3. Find the inverse of the matrix \(\left( {\begin{aligned}{*{20}{c}}{\bf{8}}&{\bf{5}}\\{ - {\bf{7}}}&{ - {\bf{5}}}\end{aligned}} \right)\).

\(\begin{aligned}{c}\det \left( {\left( {\begin{aligned}{*{20}{c}}8&5\\{ - 7}&{ - 5}\end{aligned}} \right)} \right) = 8\left( { - 5} \right) - 5\left( { - 7} \right)\\ = - 40 + 35\\\det \left( {\left( {\begin{aligned}{*{20}{c}}8&5\\{ - 7}&{ - 5}\end{aligned}} \right)} \right) = - 5 \ne 0\end{aligned}\)

This implies that\(\left( {\begin{aligned}{*{20}{c}}8&5\\{ - 7}&{ - 5}\end{aligned}} \right)\)is invertible.

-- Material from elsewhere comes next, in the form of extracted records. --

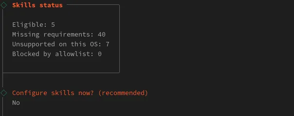 No | 跳过技能配置,仅保留基础对话能力,后续可通过 openclaw configure 补充 | ✅ 暂时只想体验基础对话功能✅ 先完成核心部署,再逐步开放工具权限 |
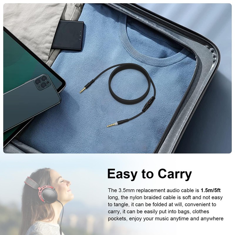 - EASY TO CARRY: The 3.5mm replacement audio cable is 1.5m/5ft long, the nylon braided cable is soft and not easy to tangle, it can be folded at will, convenient to carry, it can be easily put into bags, clothes pockets, enjoy your music anytime and anywhere.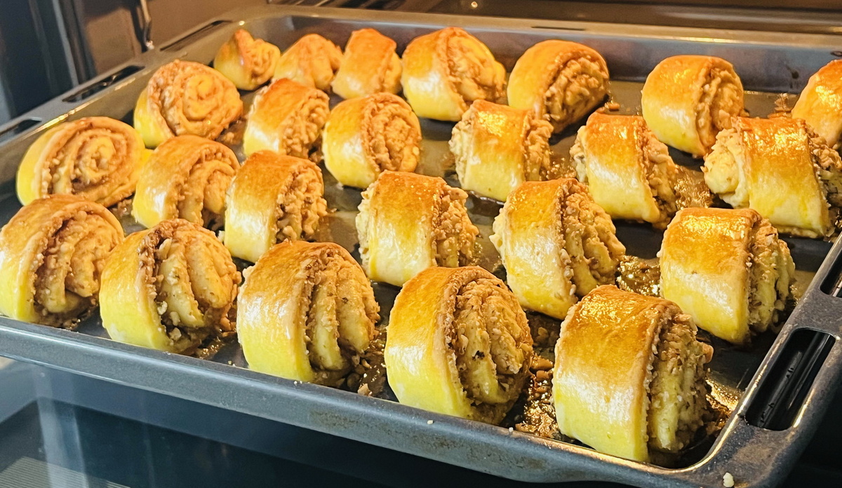 Поместите рулеты на противень, предварительно смазанный маслом, и запекайте в разогретой до 180 градусов духовке в течение 20 минут. Как только они подрумянятся, пора наслаждаться ароматной выпечкой вместе с чаем!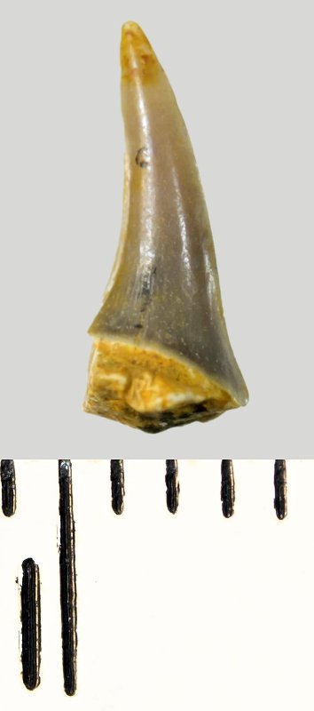 Коронка мелкого бокового зуба серого цвета, колюще-режущего типа, S-образно изогнутая, с гладким режущим краем. С лингвальной стороны у основания коронки на эмали имеется скульптура в виде слабой продольной струйчатости. Корень не сохранился

\({\left( {\begin{aligned}{*{20}{c}}a&b\\c&d\end{aligned}} \right)^{ - 1}} = \frac{1}{{ad - bc}}\left( {\begin{aligned}{*{20}{c}}d&{ - b}\\{ - c}&a\end{aligned}} \right)\) when \(ad - bc \ne 0\).

\(\begin{aligned}{c}{\left( {\begin{aligned}{*{20}{c}}8&5\\{ - 7}&{ - 5}\end{aligned}} \right)^{ - 1}} = \frac{1}{{ - 5}}\left( {\begin{aligned}{*{20}{c}}{ - 5}&{ - 5}\\7&8\end{aligned}} \right)\\ = \left( {\begin{aligned}{*{20}{c}}1&1\\{ - \frac{7}{5}}&{ - \frac{8}{5}}\end{aligned}} \right)\\{\left( {\begin{aligned}{*{20}{c}}8&5\\{ - 7}&{ - 5}\end{aligned}} \right)^{ - 1}} = \left( {\begin{aligned}{*{20}{c}}1&1\\{ - 1.4}&{ - 1.6}\end{aligned}} \right)\end{aligned}\)